Продолжаем. «Ночь» всегда представлялась мне самым в широком смысле человечным и вообще самым понятным из фильмов Микеланджело Антониони - если вспомнить, опять же, и редкую похвалу режиссера «Седьмой печати» в адрес коллеги-итальянца. И, хотя тягуче-медлительное «Приключение» с его внешне бессодержательными шатаниями героев совсем не кажется мне сложным, оно все-таки куда больше сбивает с толку, заставляя поднапрячься в раздумьях о том, зачем было придумывать и выстраивать такой странный и длинный сюжет, утопающий в ненужных и повторяющихся (как будто бы) эпизодах. «Ночь» же, несмотря на то, что она всего минут на двадцать короче предыдущей части, развивается куда более стремительно и увлекательно для зрителя, даже жалеющего, что все обрывается так быстро.
По крайней мере, у меня ощущение это возникло почти сразу, как только я понял, что финал близок - а вроде бы раньше кино это казалось не менее бесконечным, чем «Сладкая жизнь», о которой мы вспомним еще обязательно позже - данный факт же спишем на особенности авторского восприятия, склонного преувеличивать и разукрашивать то, что было некогда особенным дорогим и любимым для него. Хотя, может быть, «Ночь» - и правда, самое универсальное кино итальянского классика, склонного вообще-то к эстетству, которое способно не то чтобы затмить - но, пожалуй, несколько помешать адекватному восприятию того важного смысла, что в его фильмах всегда заложен. Впрочем, это снова лишь мои догадки, и за других мне говорить не хочется.

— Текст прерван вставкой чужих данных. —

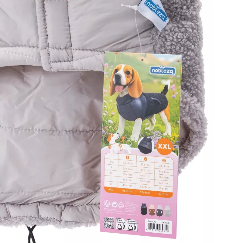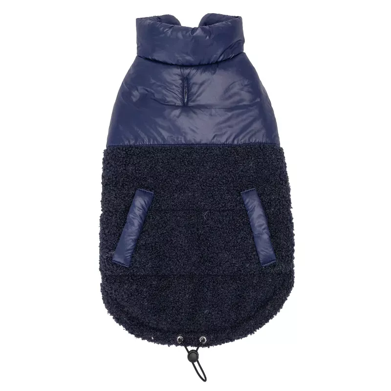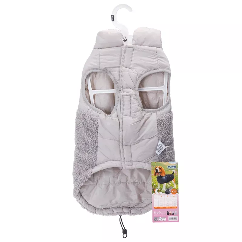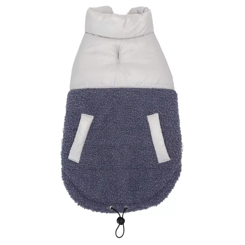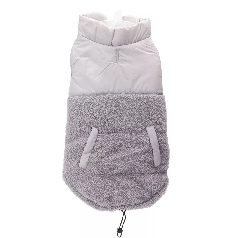 Lekki i oddychający, góra wykonana z nylonu zapewnia komfort w różnych warunkach atmosferycznych, tył docieplony futerkiem. Płaszcz jest wodoodporny, odporna na plamy, antystatyczny, co czyni go praktycznym wyborem. Dolna część z pluszowego polaru jest nie tylko urocza, ale także przyjazna dla skóry. Z tyłu ma regulowany sznurek, co pozwala na idealne dopasowanie, a otwór na smycz zwiększa wygodę użytkowania.

Так или иначе, «Ночь» (по крайней мере, в первой своей половине) - еще один шаг вверх и вперед, если вспомнить о той художественной лестнице, начало которой я положил в «старом» кино 50-ых (да и в предшествовавших ему двух десятилетиях тоже) - и по которой поднялись уже на одну ступеньку соответственно «Приключение» и «Крик» до него. Достаточно вспомнить хотя бы больничные сцены, в одной из которых писатель Джованни (герой Марчелло Мастроянни) оказывается заманенным странной пациенткой, набрасывающейся на него с какой-то дикой и одержимой животной страстью - и есть там несколько кадров, где оба они стоят возле чистой и белой стены, так что складывается ощущение, будто бы и вокруг - такая же белая и бесконечная пустота, пространство уже не мира реального, но какого-то условного, метафизического - чисто киношного, в общем. Ничего подобного (разве что прогулка Моники Витти перед глазеющими на нее хищно мужчинами) в «Приключении» не было - да и быть еще, наверное, не могло. Описанная сцена (родом будто бы из «Персоны» Бергмана) - детище уже абсолютной шестидесятнической свободы, не считающейся с повествовательными канонами прошлого, мешающими настоящему искусству. Хотя виртуозный адепт его Антониони не заигрывается слишком с такими вещами, уходя в чистые абстракции и напрочь забывая об истории.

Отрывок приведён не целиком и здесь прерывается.